Phase 3: Cell Type Annotation and Marker Identification — Days 8-12
Identify differentially expressed genes for each cluster using FindAllMarkers function with Wilcoxon rank-sum test (min.pct=0.25, logfc.threshold=0.5). Annotate cell types based on expression of canonical markers: CD68, CD14 for macrophages; CD31, VWF for endothelial cells; ACTA2, MYH11 for smooth muscle cells; CD3D, CD8A for T cells; CD79A, MS4A1 for B cells; S100B, GFAP for other cell types. Use SingleR package with Human Primary Cell Atlas reference for automated annotation validation. Manually refine annotations by examining expression of known cell-type specific genes and consulting atherosclerosis literature. Generate dot plots and violin plots to visualize marker gene expression across clusters.
Phase 4: C1Q Complex Gene Expression Analysis — Days 13-16
Focus analysis on complement C1Q complex components: C1QA, C1QB, and C1QC. Generate feature plots showing expression distribution across UMAP embedding and calculate percentage of cells expressing each gene per cluster. Perform differential expression analysis comparing C1Q+ vs C1Q- cells within each cell type using MAST algorithm accounting for cellular detection rate. Identify C1Q-related differentially expressed genes using correlation analysis (Pearson r > 0.3 with any C1Q subunit) and functional enrichment analysis using clusterProfiler package.
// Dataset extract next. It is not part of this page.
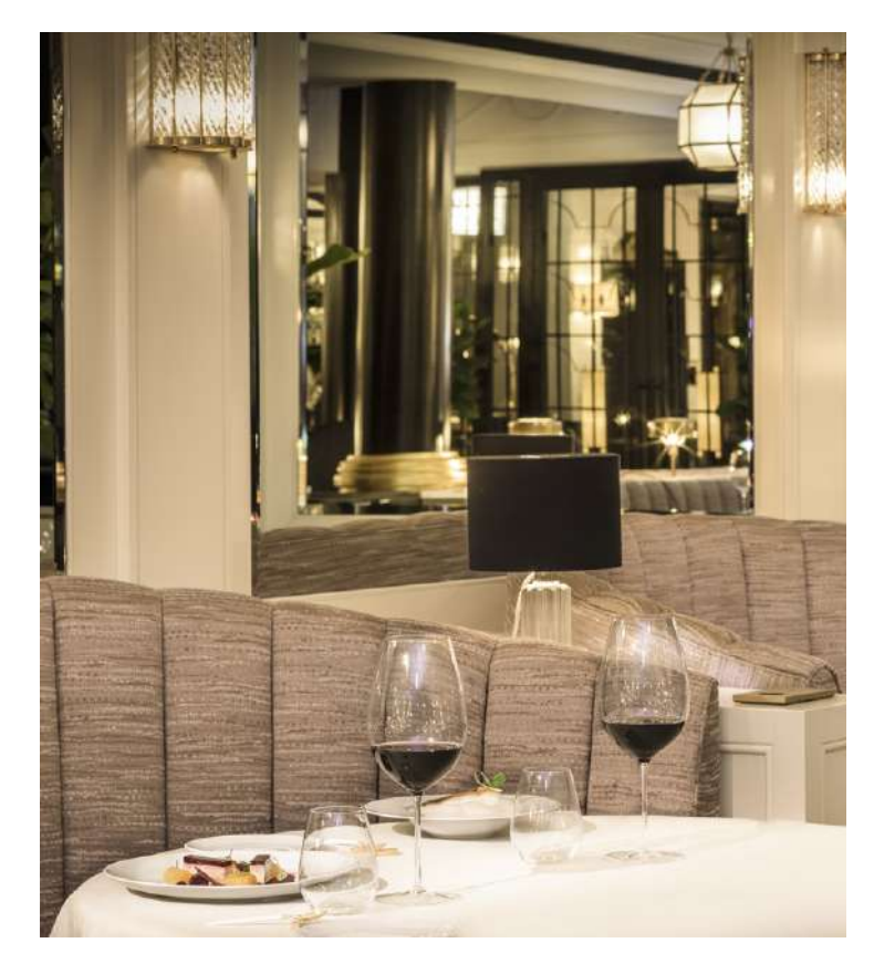
Restaurants and mezzanine can be privatized. Prices on request.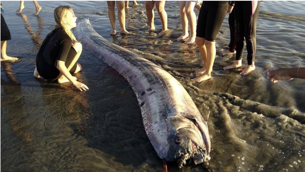
Oarfish are known as the 'Messenger from the Sea God's Palace' in Japanese mythology.

emergency agencies. The damaged Fukushima Daiichi nuclear plant went into meltdown.

Focus on complement pathway genes, inflammatory markers, and atherosclerosis-associated genes. Create heatmaps showing C1Q complex expression across all identified cell types.
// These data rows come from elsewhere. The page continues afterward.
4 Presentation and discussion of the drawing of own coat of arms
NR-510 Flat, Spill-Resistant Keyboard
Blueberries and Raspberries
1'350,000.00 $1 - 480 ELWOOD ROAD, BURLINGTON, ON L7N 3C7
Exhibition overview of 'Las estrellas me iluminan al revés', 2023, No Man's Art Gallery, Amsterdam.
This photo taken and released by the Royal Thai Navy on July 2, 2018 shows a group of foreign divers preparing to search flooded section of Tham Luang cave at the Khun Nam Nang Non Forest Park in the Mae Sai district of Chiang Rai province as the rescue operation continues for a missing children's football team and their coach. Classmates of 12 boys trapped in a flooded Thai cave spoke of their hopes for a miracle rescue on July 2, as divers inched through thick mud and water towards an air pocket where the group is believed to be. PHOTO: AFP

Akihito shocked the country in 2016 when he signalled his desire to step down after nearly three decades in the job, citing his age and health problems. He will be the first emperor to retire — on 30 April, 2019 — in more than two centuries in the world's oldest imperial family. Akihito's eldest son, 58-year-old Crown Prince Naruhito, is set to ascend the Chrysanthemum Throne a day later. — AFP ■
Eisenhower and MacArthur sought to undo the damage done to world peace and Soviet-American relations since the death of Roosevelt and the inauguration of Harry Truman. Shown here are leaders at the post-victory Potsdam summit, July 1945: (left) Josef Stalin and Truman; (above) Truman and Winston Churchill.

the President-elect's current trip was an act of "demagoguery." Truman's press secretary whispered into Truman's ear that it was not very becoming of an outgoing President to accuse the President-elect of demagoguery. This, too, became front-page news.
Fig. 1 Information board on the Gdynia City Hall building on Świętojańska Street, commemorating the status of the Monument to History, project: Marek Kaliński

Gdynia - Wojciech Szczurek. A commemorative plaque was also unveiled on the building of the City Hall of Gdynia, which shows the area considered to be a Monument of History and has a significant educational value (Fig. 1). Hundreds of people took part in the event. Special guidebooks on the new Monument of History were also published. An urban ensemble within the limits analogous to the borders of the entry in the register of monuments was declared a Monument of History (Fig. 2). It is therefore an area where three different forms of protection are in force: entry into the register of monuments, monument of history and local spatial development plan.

Phase 5: Functional Enrichment and Pathway Analysis — Days 17-19
Perform Gene Ontology (GO) enrichment analysis and KEGG pathway analysis on C1Q-related differentially expressed genes using enrichGO and enrichKEGG functions. Focus on biological processes related to complement activation, immune response, and vascular pathology. Conduct Gene Set Enrichment Analysis (GSEA) using fgsea package with MSigDB hallmark gene sets and complement-specific gene sets. Generate pathway interaction networks using Cytoscape to visualize relationships between C1Q complex and other complement components. Calculate module scores for complement activation signatures across all cells using AddModuleScore function.
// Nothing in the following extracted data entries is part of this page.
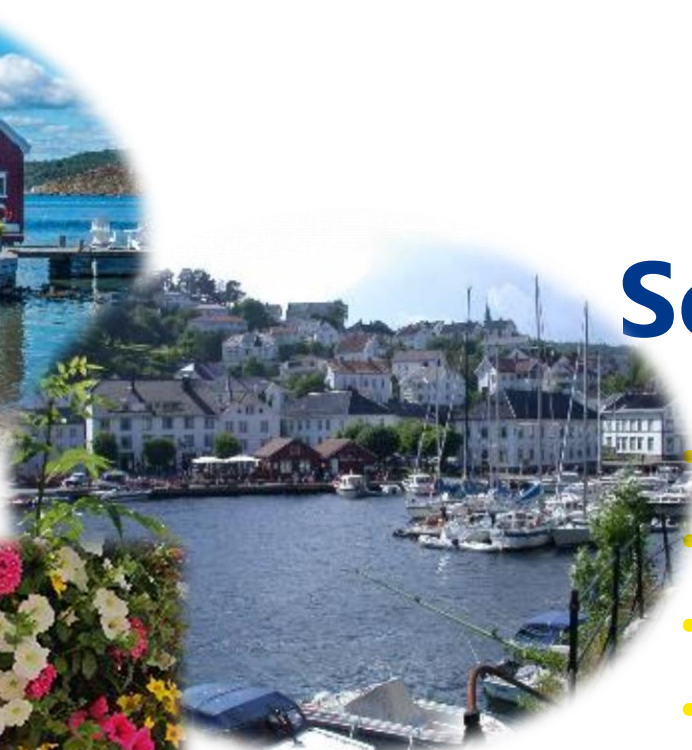
Visit Norway, 2023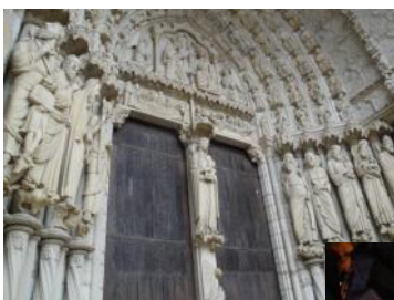
Cathedral North Portal . . . + 'coloured' at night (right)

Félicité then took us outside to look in detail at some of the sculptures, first to the South Portal that had not yet been cleaned, then to the North Portal and finally to the Royal Portal at the main entrance, which had both been cleaned. She talked about the cleaning techniques that were being used, and how these had been modified to be less invasive as some of the earlier techniques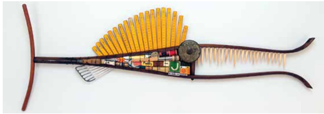
Steven Palmer Found Object Fish Studio 2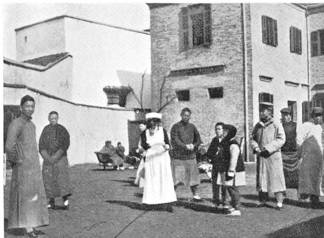
A GROUP OF PATIENTS, WITH MATRON AND HEAD ASSISTANT.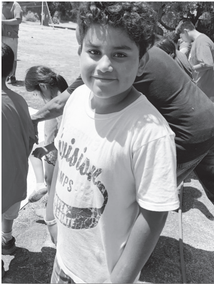
Kids were so thankful to be back to camp after having to miss 2020.

PS - We had a great camp August 6-8! Over 130 kids attended. Thank you to all who gave and prayed. To get a glimpse of what went on, go to our website spectrumministries.org and watch our camp video!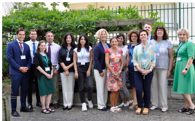
Members of the Facilitation Sub-Group on immigration matters meet in Paris, 6 September 2023

The meeting heard a presentation from the Netherlands on work under its National Facilitation Committee and participants agreed that – where possible – facilitation experts should continue to support and share best practice on National Facilitation Committee approaches across ECAC Member States.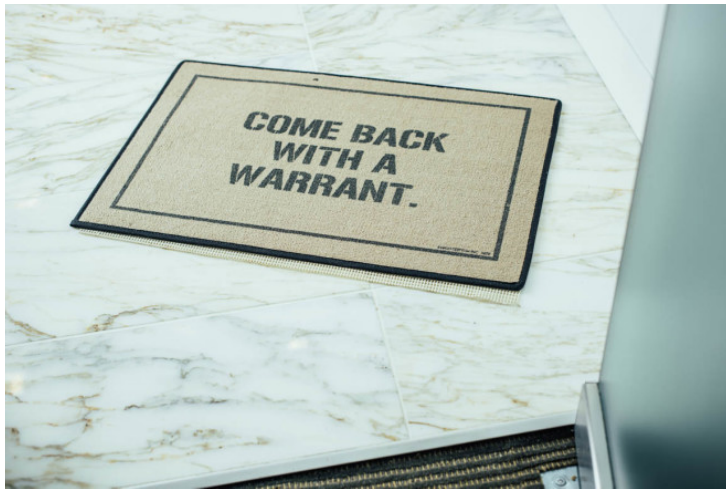
A doormat inside the Intercept's D.C. offices reads "Come Back With a Warrant."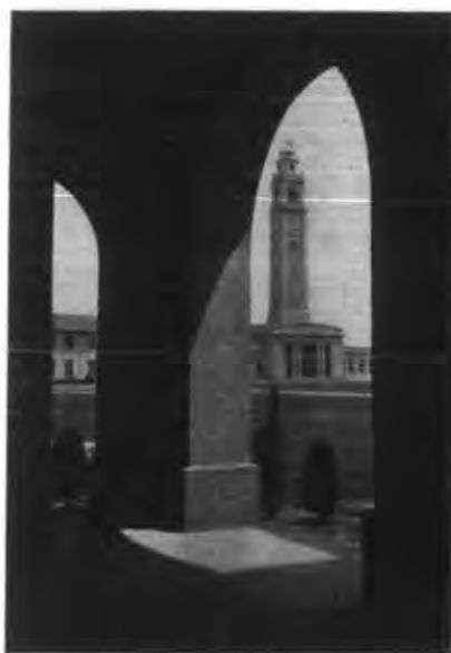
WAR MEMORIAL TOWER

Gifts, flowers, and wires were showered upon the new chapter from local sororities, alumnae clubs, alumnae, and from Pi Phi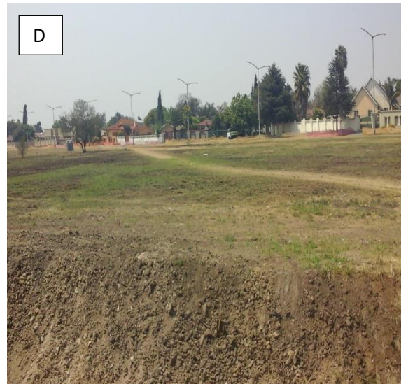
Figure 6: A. Surroundings of the wetland; B. Litter around the bridge; C. Rubble & building material dumped; D. Walking tracks.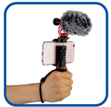
Tripod Selfie Stick for Interviewing and Live Streaming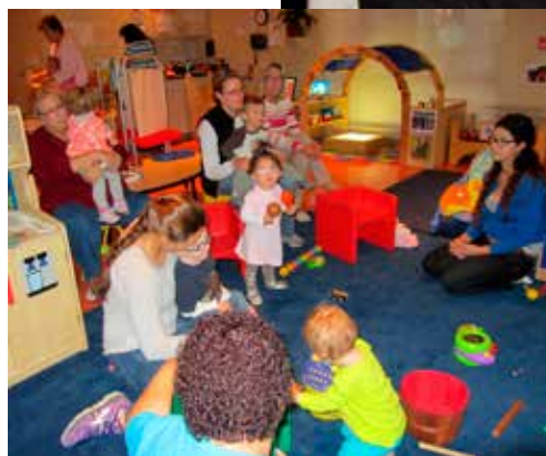
Left: The classroom is hardly big enough to contain the excitement that children and parents bring to PAL.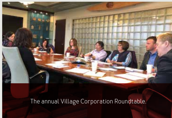
The annual Village Corporation Roundtable.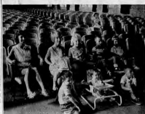
FRONT ROW CENTER seats are for mama's most appreciative audience who see rehearsal after rehearsal.

Phase 6: Statistical Validation and Visualization — Days 20-21
Validate cell type annotations using multiple approaches: examine expression of 3-5 marker genes per cell type, calculate silhouette scores for cluster quality, and perform bootstrap resampling to assess clustering stability. Generate comprehensive visualization package including: UMAP plots colored by cell type and C1Q expression, dot plots of top marker genes, violin plots of C1Q complex genes by cell type, and heatmaps of C1Q-correlated genes. Perform statistical testing using appropriate methods (Wilcoxon rank-sum test for pairwise comparisons, Kruskal-Wallis for multiple groups) with Benjamini-Hochberg FDR correction. Document all analysis parameters and generate reproducible R scripts with session information.